А простор все объемнее, откровеннее, словно бы медленно раздвигают невидимый, нелюдимый занавес. Впереди полигон. Стрельбище перед нами. Сюрреалистические псевдодомики, квазиворотца, потемкинские объекты непостижимого назначения. Какие-то пожилые раскрашенные столбики условно торчат из ландшафта. Мишени, мишени… Здесь развлекается местная военчасть.
Ты скажешь – там, на полигоне,
Два клоуна засели – Бам и Бом.
Так, кажется, написал Мандельштам? Или это Мандельброт, намазанный на пространственный бутерброд? Фрактальная геометрия.
Выстрелы отсюда слышны у самого моря, гулкими надувными мячами докатываются они до загорелых ушей купальщиков, смешиваясь с собственным эхом, с криками чаек, с черноморскими голосами, выкликающими в громкоговоритель маршруты водных экскурсий. Вы увидите незабываемые скалы потухшего вулкана Кара-Даг… Увидим, увидим. Куда же мы денемся, дорогие голоса? Мы еще и не такое увидим, любезные голоса. Увидим Иакова, спящего на плоском камне. Из чресел его поднимается до небес витая барочная колонна – это двойная спираль ДНК, лествица небесная. По ступеням этой лестницы снуют ангелы с розовыми пятками. При виде этих ангелов разбегаются врассыпную веселые поросята – Ниф-Нифы, Нуф-Нуфы, Наф-Нафы… Они построили себе глинобитные домики в горах, они прячутся за своими пузырчатыми стенами – лишь бы не наблюдать розовых пяток ангелов.
Взобраться, что ли, на один из венериных холмов, чтобы сверху лицезреть неземную землю? Красота такая, что можно от восторга подавиться черешневой косточкой. Скорее выплюнь косточку на ладонь и положи ее, родимую, на могилу разбившегося планериста, возле обелиска, где уже лежат чьи-то мумифицированные цветы. А лучше даже и вовсе не взбираться на холм, а просто продолжать всасываться в разверзающийся ландшафт. За венериными холмами вам гарантировано безлюдье. Опять Иаков, спящий на камне. И еще один. И еще. Их здесь множество, и все спят, не размыкая глаз.
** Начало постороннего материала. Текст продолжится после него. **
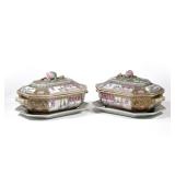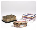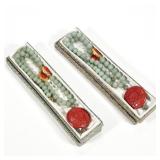 (2pc) FRENCH ELIE BLEU MAPLE INLAY AMBOYNA BURL CIGAR MATCHBOX HOLDERS | One reddish, the other yell
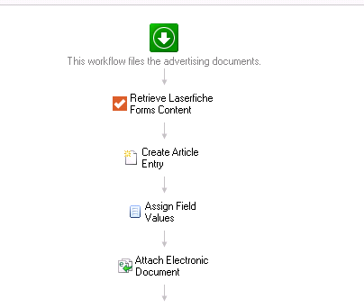 I am new to Laserfiche Workflow, I am trying to create a entry in the repository from the data off the submitted form. I am able to create the entry and get the data from the form however I am having issues inserting the attachment. When the workflow runs I get the entry in the repository with the template/meta data but there are no pages in it.
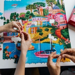 Puzzle TREFL Premium Plus z rady The Art of Colour (Umenie farieb) prinášajú jedinečný vizuálny zážitok s motívom malebného ostrova Syros v Grécku. Vysokokvalitný kartón a presná technológia výrezov zabezpečia, že dieliky do seba zapadnú iba tam, kam patria, a vďaka zvýšenej hrúbke môžete zložené časti ľahko presúvať bez rizika rozsypania.
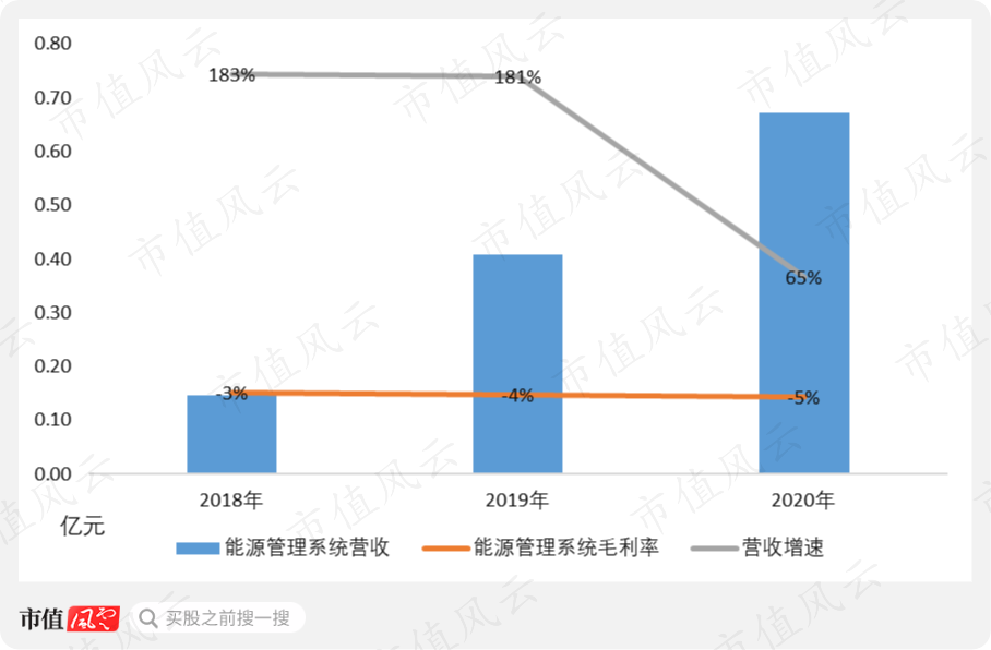 但能源管理系统业务不仅营收规模最小,2020年0.67亿元,营收贡献仅2.34%,而且毛利率连续3年为负数,营收增速快是唯一值得宽慰的事情。

Поодаль от спящих бродят маленькие стада козлоногих фавнят. Откуда прискакали библейские фавнята? Зачем они трясут над осоками своими лбами высокими? Своими личиками травяноокими? Голые Адам и Ева прячутся под глинистым склоном – юные прародители смущенного человечества сделались чемпионами мира по фигурному катанию, нынче они скользят, нагие, как Наг, как Нуф-Нуф, они скользят по поверхности синих бассейнов, которые внезапно оледенели под палящим солнцем, они выписывают монограммы и вензеля остриями своих коньков, синие лица бассейнов оборачиваются мелкотравчатыми экранчиками в глубинах советских квартирок, там светятся бормочущие телевизоры, телевизоры-бурундучки, обозначающие уют: Брежнев ли на экране, Штирлиц ли. А то, бывало, бьются в танце слипшиеся воедино фигуристы – шерочка с машерочкой. Кто там бредет с огненным мечом вдоль изрезанного скального среза? Ангел? Видно, собирается изгнать Адама и Еву из рая, но никак не может их найти: они спрятались под глинистым склоном.
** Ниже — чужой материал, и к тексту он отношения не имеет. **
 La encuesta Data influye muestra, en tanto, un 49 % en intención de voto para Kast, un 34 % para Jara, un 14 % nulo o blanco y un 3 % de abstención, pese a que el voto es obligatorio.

Ангел-увалень, гигантский, раскаленный, он шипит, как глазунья на сковороде, как Савонарола, он шкворчит, запекаясь в своем саване. Вместо головы у него золотой червонец с профилем императора Николая Последнего, слегка затертый пальцами купцов, адъютантов, лавочников, заводчиков, половых, архимандритов, ягодников, модисток, кокоток, жандармов, сомнамбул, исихастов. Не обнаружив нигде нагих прародителей, ангел обрушивает свою ярость на аккуратные новые дома, сокрушает их, разносит в щебень, топчет их хрустящие останки своими тяжеловесными ногами, похожими на огромные цельнометаллические валенки, слитые из теплого чугуна. Откуда взялись новые дома? Их построили в нулевые, в годы блаженного обнуления. Застроили Библейскую долину, испоганили, осквернили, истерзали магическое женское тело этой волшебной долины. Строили, кажется, немцы. Оттого на многих многоквартирных домах, несмотря на современный их облик, видны синие и зеленые черепичные крыши. Строительство. Жадное, лихорадочное, обсессивно-компульсивное строительство.
Обращаясь к описаниям детств и отрочеств, оставленным предшествующими поколениями, сталкиваешься с тем, что детства этих поколений разрушены и отстранены революциями, войнами, репрессиями, вынужденными эмиграциями. Детство же моего поколения разрушено строителями. Наше детство растоптано апгрейдом, обновлением, так называемым «прогрессом», который по сути скрывает в себе регресс, архаику. Ведь, если вдуматься, мы выросли в гораздо более продвинутом мире, чем тот, что нынче видим вокруг себя.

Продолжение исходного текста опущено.